Provided information =>
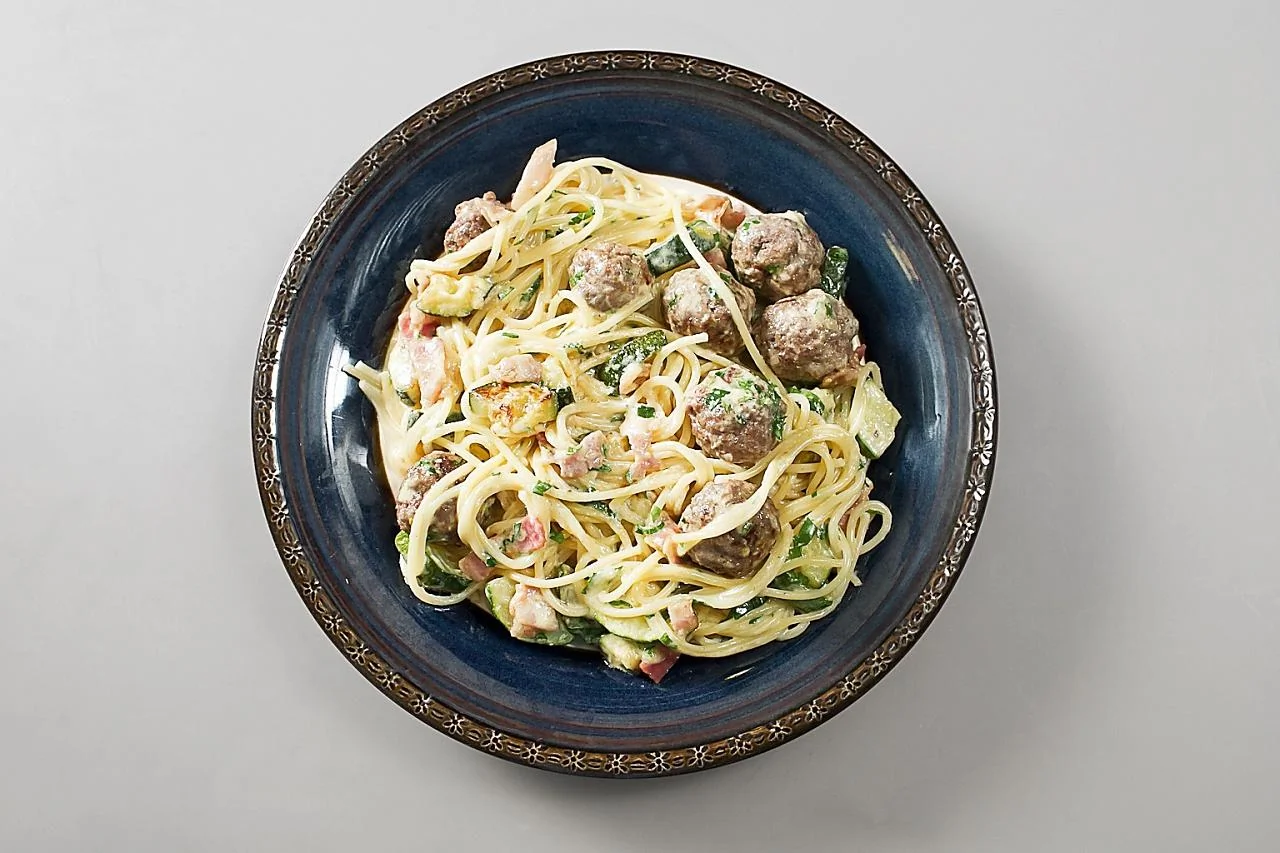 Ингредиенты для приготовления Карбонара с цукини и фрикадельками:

==

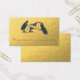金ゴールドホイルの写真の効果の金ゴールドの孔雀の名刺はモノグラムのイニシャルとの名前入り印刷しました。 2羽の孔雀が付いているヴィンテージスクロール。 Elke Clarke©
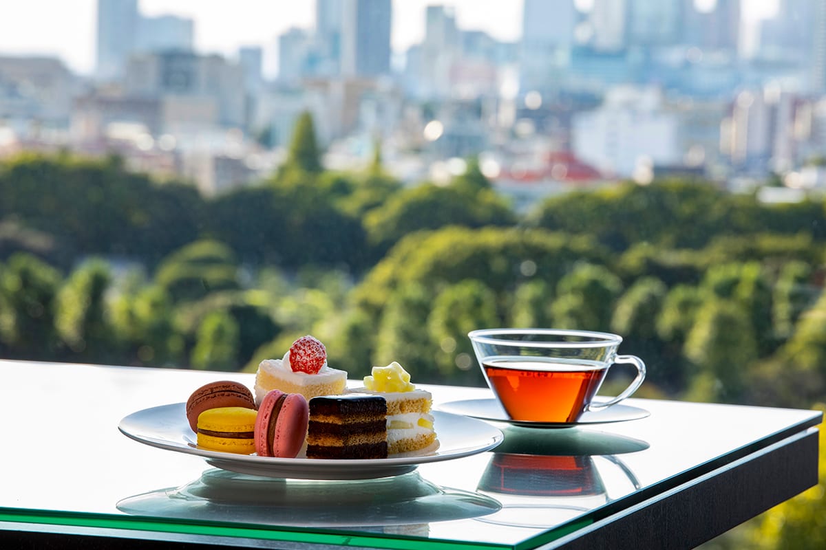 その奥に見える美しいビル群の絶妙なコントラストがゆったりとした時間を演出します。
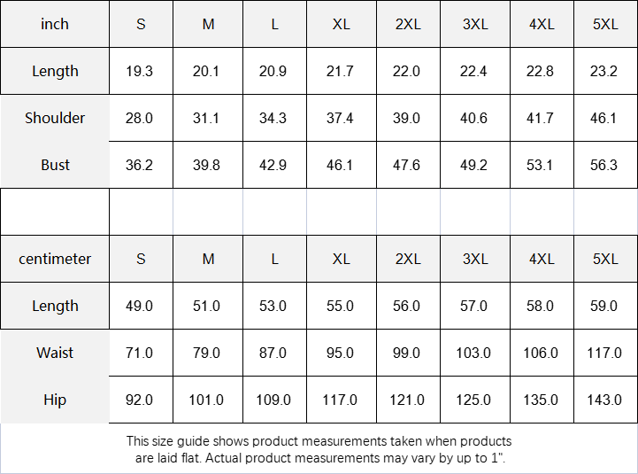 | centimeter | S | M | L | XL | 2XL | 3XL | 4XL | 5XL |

Work instruction =>
Using the data above, transcribe exactly the lines between those containing "2羽の孔雀が付いているヴィンテージスクロール。 Elke Clarke©" and "4XL | 5XL |", inclusive, and leave every picture behind.

Answer to this exercise =>
金ゴールドホイルの写真の効果の金ゴールドの孔雀の名刺はモノグラムのイニシャルとの名前入り印刷しました。 2羽の孔雀が付いているヴィンテージスクロール。 Elke Clarke©
 その奥に見える美しいビル群の絶妙なコントラストがゆったりとした時間を演出します。
 | centimeter | S | M | L | XL | 2XL | 3XL | 4XL | 5XL |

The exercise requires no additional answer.